I’m ready to rock and roll with my little mapreduce routine (Python, Google Appengine), but I’m nervous about having some bug that will infect my database table. My processing function looks like this:
def promote(nrhp_aux_entity):
...
# I form a query, and use it to get an "nrhp_record". That's the item
# I'm actually changing
results1 = query1.fetch(limit=1)
nrhp_record = results1[0]
...
yield op.db.Put(np_record)
I’d like to have it run on just a small number of nrhp_aux_entity objects, and then just exit. Then I can look over the results and decide to let it work on the whole table. So would a good plan be to have a global counter of some sort, and then exit the whole mapreduce, when say, the counter gets to some small number, like 5? And if so, what’s a good way to implement the global counter?

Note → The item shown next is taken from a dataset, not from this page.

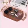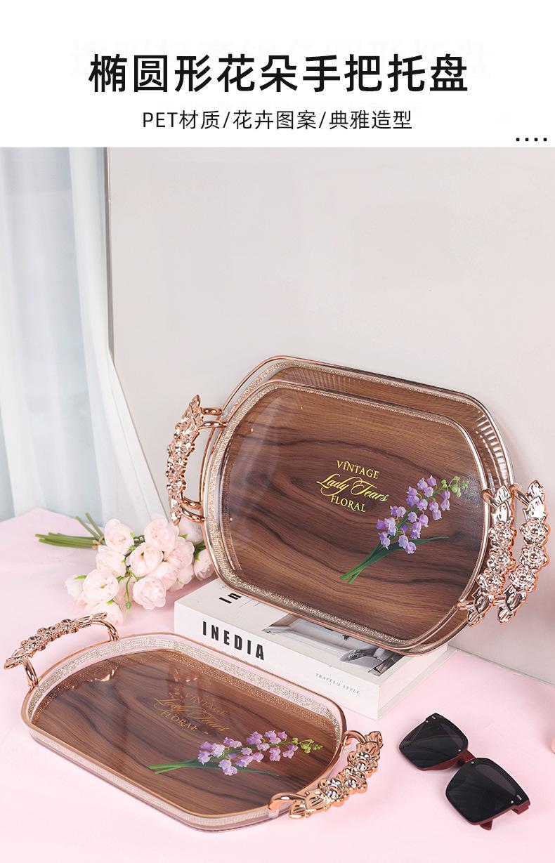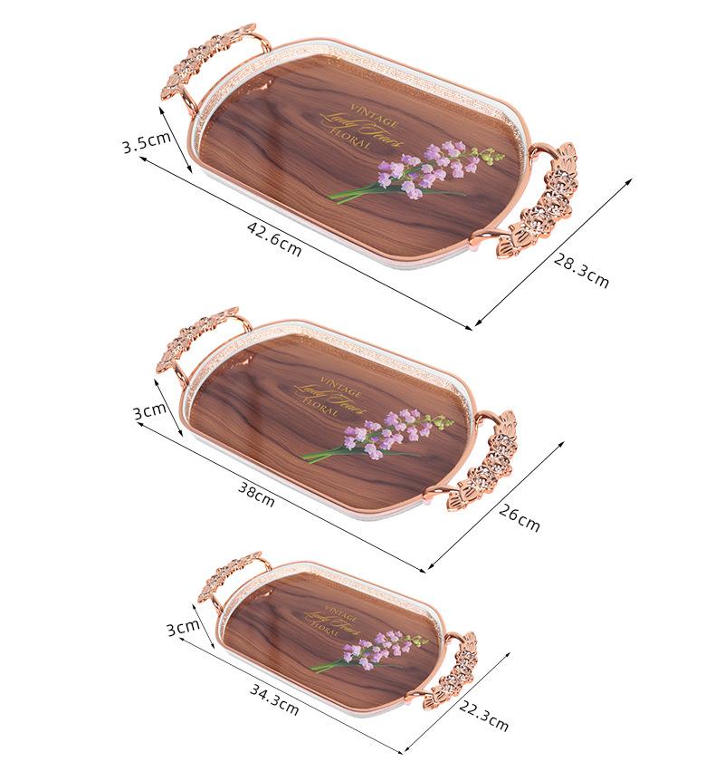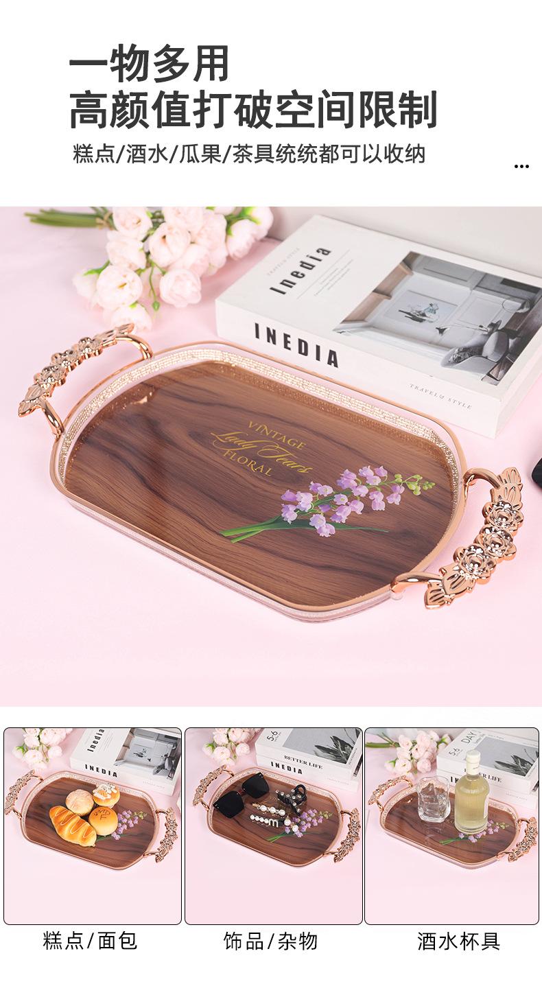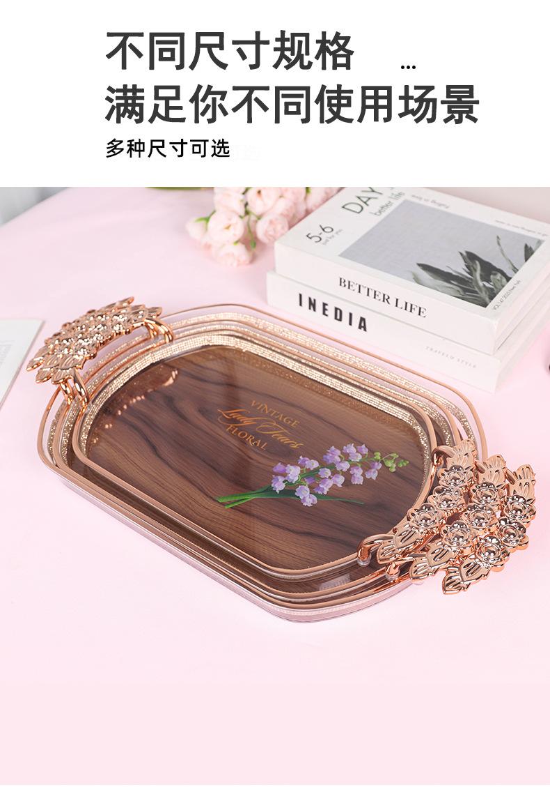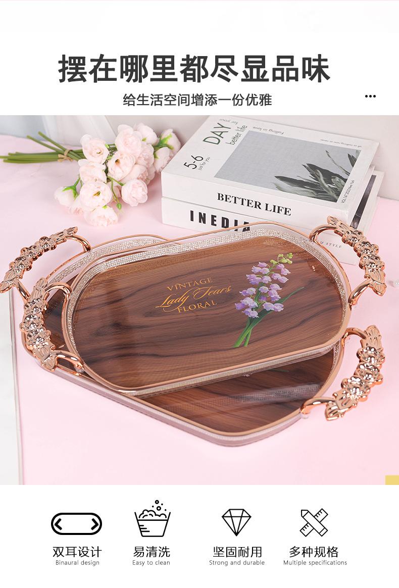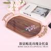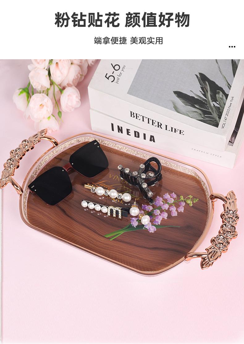 Bandeja ovalada de oro rosa con detalles de diamantes, estilo de lujo ligero, para el hogar, para tazas de té, cristalería, bandeja de almacenamiento, plato de frutas, plato de servicio

And if I do this, I expect my mapreduce will be all finished in just a minute or so, right, since it only is operating on 5 entities in my database table, (which contains about 76,000 entities)?

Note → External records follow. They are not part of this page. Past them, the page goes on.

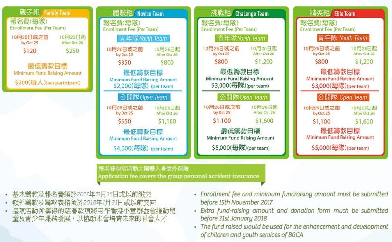 - 若活動受惡劣天氣或突發事件影響而被迫取消,參加者可選擇退還一半報名費或於明年活動報名時獲八成減免優惠。除以上情況外,所有報名及籌款金額一概不予退還。
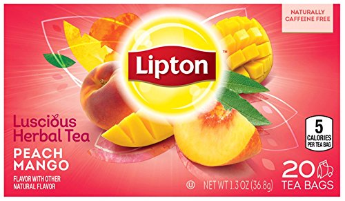-. Binding : Grocery -. Brand : Lipton -. Feature : Uplifting when enjoyed hot or refreshing when enjoyed as an iced tea. / Conveniently packaged in 20 individually wrapped tea bags, Lipton Peach Mango Herbal Tea delivers the sweet and juicy taste of Peach and Mango that is naturally caffeine free. / Cup of Hot Tea: Pour boiling water over a tea bag and brew 2 to 3 minutes. Stir in milk if desired and sweeten to taste. -. Label : Unilever -. Manufacturer : Unilever -. NumberOfItems : 6 -. PackageQuantity : 6 -. ProductGroup : Grocery -. ProductTypeName : GROCERY -. PublicationDate : 2015-11-10 -. Publisher : Unilever -. ReleaseDate : 2015-11-10 -. Studio : Unilever -. Title : Lipton Herbal Tea, Peach Mango, 20 Count (Pack of 6)
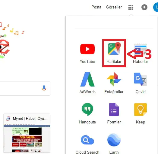 - İşlemlerimize, Google hesabımıza giriş yaparak başlıyoruz. Sonrasında ana ekranda bulunan ‘Uygulama’ menüsüne tıklıyoruz ve açılan ekrandan ‘Haritalar’ uygulamasını buluyoruz.

I would copy a few entities to a new kind and set the mapper going on that new kind. Implementing a counter that works at high contention is harder than just making a separate test environment, and the test environment has the benefit of not working on any real data.
Google also just released useful backup / restore features you might want to use before setting your mapper loose on all of your production data!
Depending on your queue settings and how long a single mapping task takes, I would expect a mapreduce over 5 entities to take very little time. Like… 200ms.